In base all’art. 415 c.c. “il maggiore d’età infermo di mente, lo stato del quale non é talmente grave da far luogo all’interdizione, può essere inabilitato.Possono anche essere inabilitati coloro che, per prodigalità o per abuso abituale di bevande alcooliche o di stupefacenti, espongono sé o la loro famiglia a gravi pregiudizi economici. Possono infine essere inabilitati il sordo e il cieco dalla nascita o dalla prima infanzia, se non hanno ricevuto un’educazione sufficiente, salva l’applicazione dell’articolo 414 quando risulta che essi sono del tutto incapaci di provvedere ai propri interessi”.

L’espressione “sordo” è stata sostituita al termine “sordomuto” dall’art. 1 della L. 20 febbraio 2006 n. 95.

Con riferimento all’inabilitazione nella Relazione del Ministro Guardasigilli Dino Grandi al Codice Civile  si legge che “Per quanto riguarda le persone che possono essere inabilitate, è stato modificato l’art. 410 del progetto per riferire anche al prodigo, in conformità della proposta pervenuta, l’estremo del pericolo di pregiudizio economico: con questo rimane chiarito e meglio precisato il concetto stesso di prodigalità, la quale è presa in considerazione dalla norma in esame in rapporto a chi con lo sperpero e la dilapidazione minacci di rovinare la famiglia. Secondo i voti espressi, nel terzo comma dello stesso articolo, si è parlato, anzichè di “cieco dalla nascita”, di “cieco dalla nascita o dalla prima infanzia”, consacrando così nel testo legislativo l’interpretazione estensiva che è stata data dalla giurisprudenza all’art. 340 del codice civile del 1865. Si è ritenuto superfluo aggiungere una disposizione per precisare, come fa l’art. 339 del codice predetto, di quali atti sia incapace l’inabilitato. Ciò risulta già chiaramente dal combinato disposto dell’art. 424 c.c., che rende applicabile alla curatela degli inabilitati le norme riguardanti la curatela dei minori emancipati, e dell’art. 394 del c.c. sulla capacità dell’emancipato”.

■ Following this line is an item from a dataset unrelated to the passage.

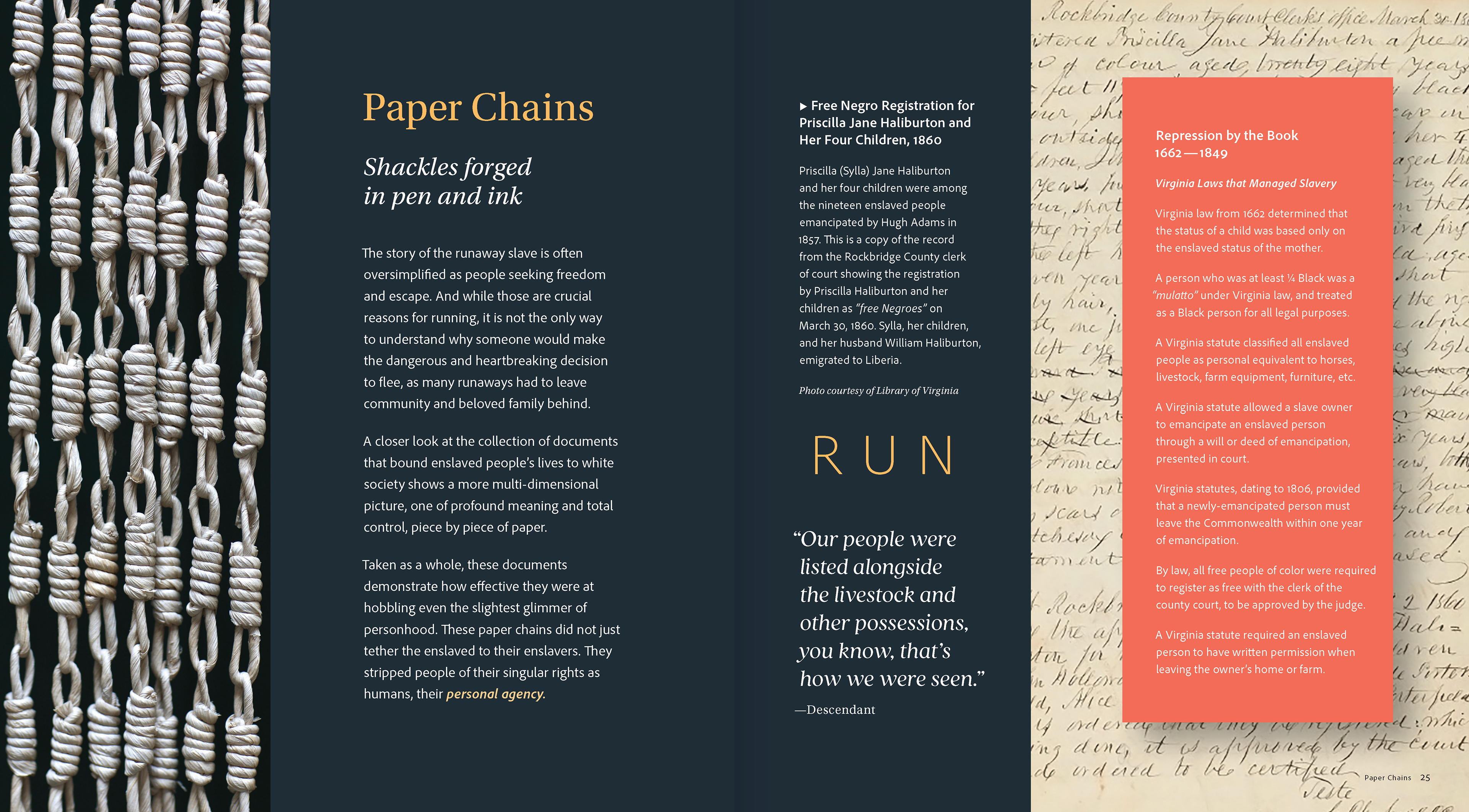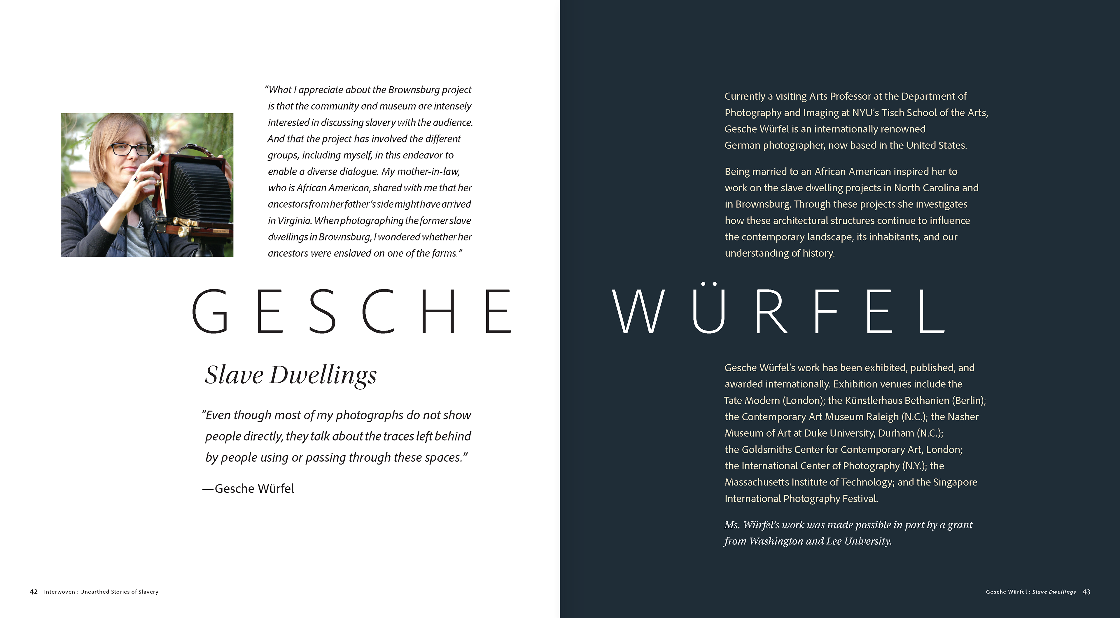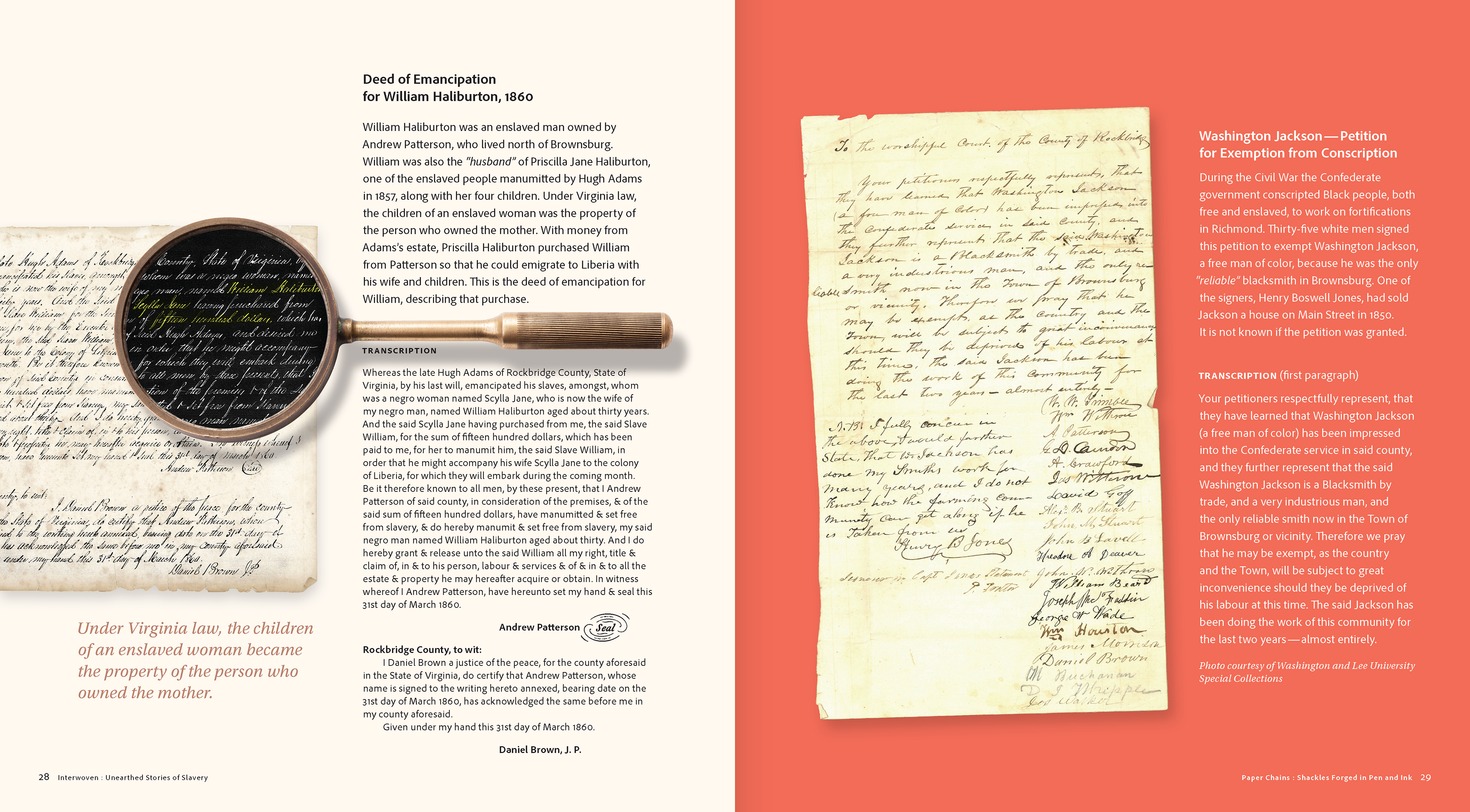 Catalogue for “Interwoven: Unearthed Stories of Slavery” exhibit.
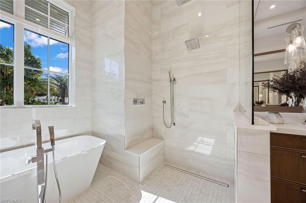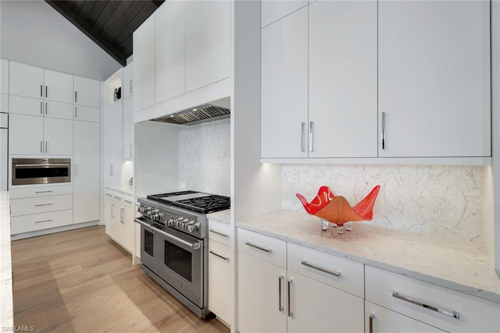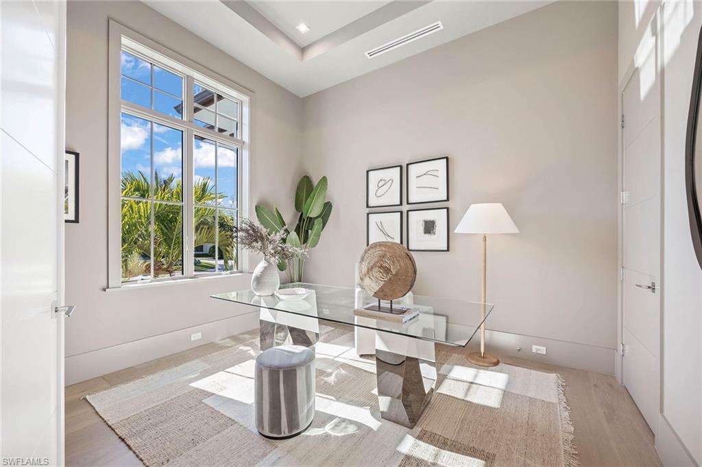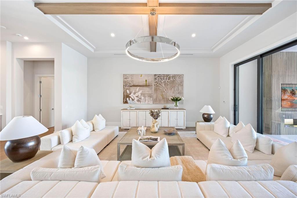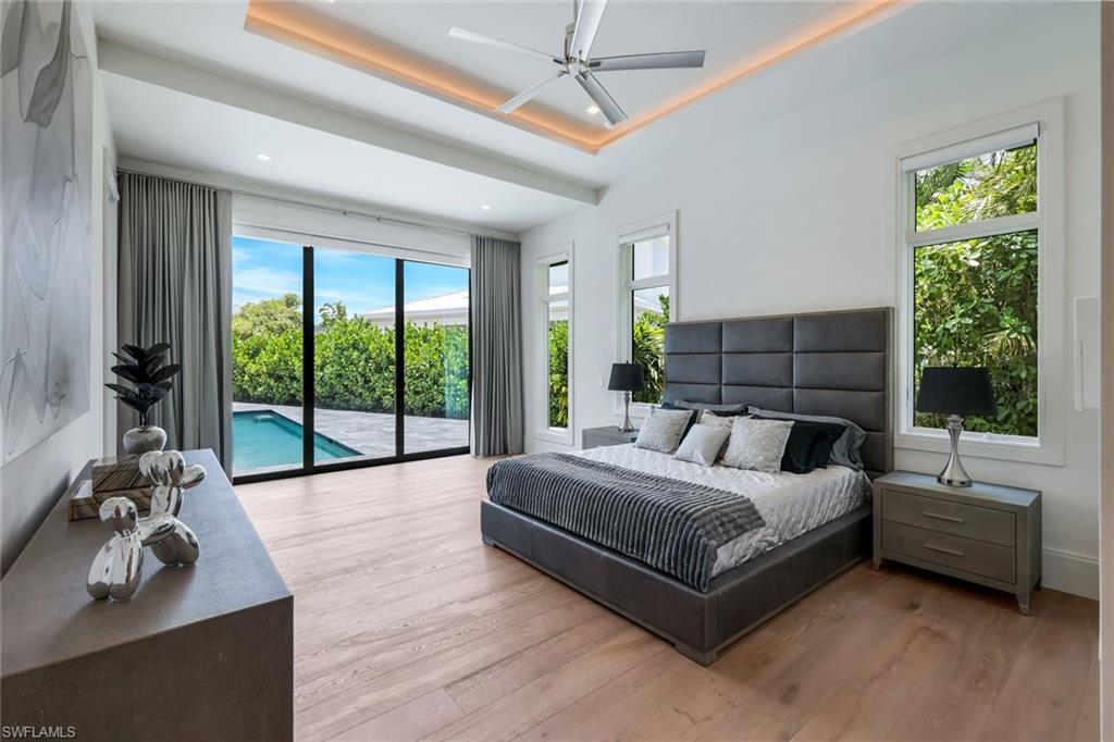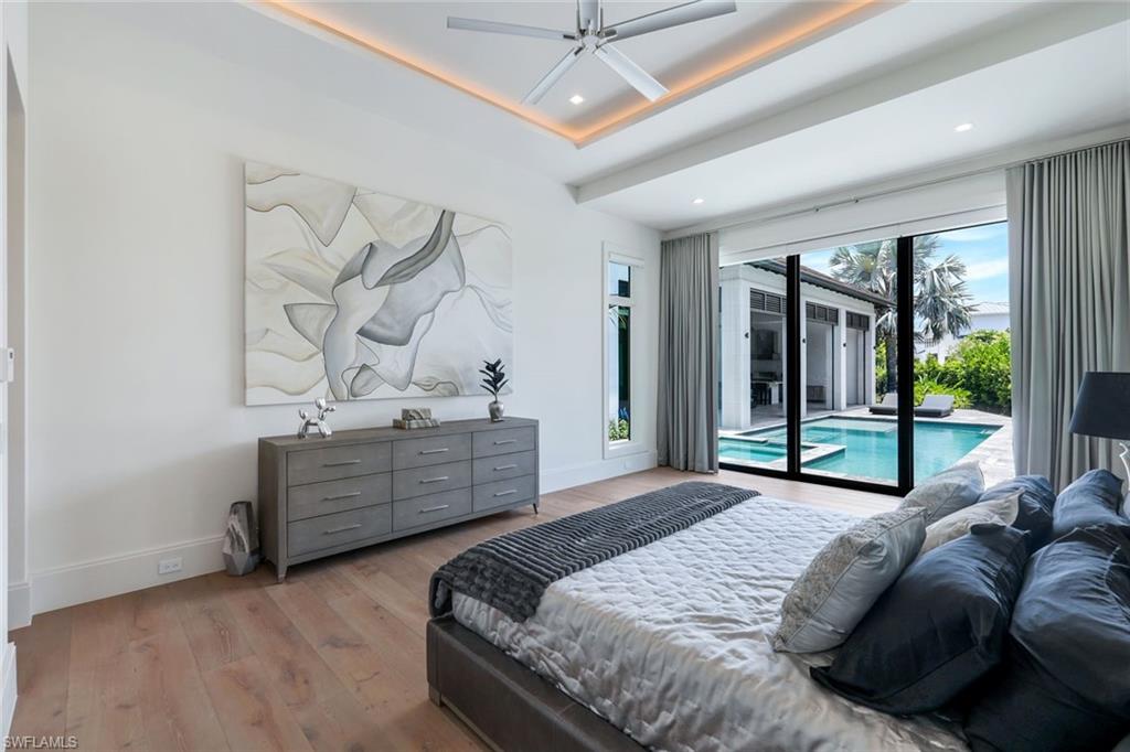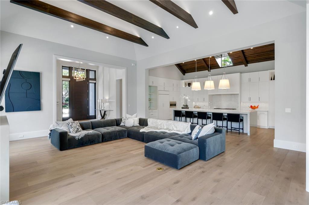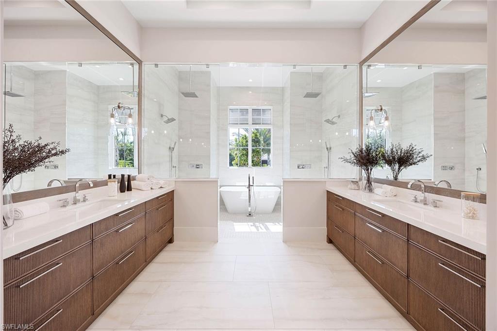 Presenting a truly exceptional custom-built estate in the prestigious Park Shore neighborhood of Naples, Florida. Designed with unparalleled craftsmanship and attention to detail, this award-winning masterpiece blends sophistication, comfort, and a prime location into one extraordinary offering. As you arrive, the home's elegant facade is framed by extensive mature landscaping, setting the stage for the grandeur within. The stunning mahogany front entrance doors open to a light-filled interior with soaring cathedral ceilings, white oak flooring throughout, and a striking fireplace anchoring the living space. The chef's kitchen is a statement in luxury, featuring dual islands, handcrafted Ruffino cabinetry, Calcite quartzite countertops, and top-tier Wolf, Sub-Zero, and Miele appliances. A walk-in pantry and a butler's pantry--complete with a second dishwasher and wine cooler--offer both convenience and refined entertaining options. Designed for both relaxation and hosting, the home boasts an exceptional outdoor living space with total backyard privacy. The south-facing saltwater pool and infinity-edge spa are bathed in sunlight all day, complemented by tranquil fountains, a marble pool deck, and a sun shelf for lounging. The outdoor kitchen, gas fire pit patio, and lanai with a fire pit table create a seamless indoor-outdoor lifestyle, perfect for entertaining under the Naples sky. Thoughtfully designed for guests and residents alike, the first level features a primary wing with spacious closets and a spa-like primary bath, a private guest suite with an en-suite bath, and an office space with custom built-in cabinetry. The second-level VIP suite offers an expansive retreat with an oversized, opulent bathroom, a private balcony, and a loft for added versatility. Perfectly positioned near Naples' renowned beaches, fine dining, and upscale shopping, this exquisite residence delivers the ultimate in luxury and lifestyle--a rare opportunity to own a truly one-of-a-kind home in one of Naples' most sought-after locations. Experience the essence of Park Shore living--schedule your private tour today.

Per l’applicazione dell’istituto della inabilitazione occorre quindi che il soggetto di cui si chiede la tutela si trovi in uno stato di semi-incapacità d’intendere e di volere. In tal caso, il Tribunale territorialmente competente nominerà curatore. Quest’ultimo non si sostituirà all’inabilitato, bensì lo assisterà limitandosi ad integrarne la volontà nel compimento degli atti di ordinaria amministrazione che riguardano la cura dei suoi interessi.

La sentenza con la quale il Tribunale dichiara lo stato di inabilitazione va annotata a margine dell’atto di nascita.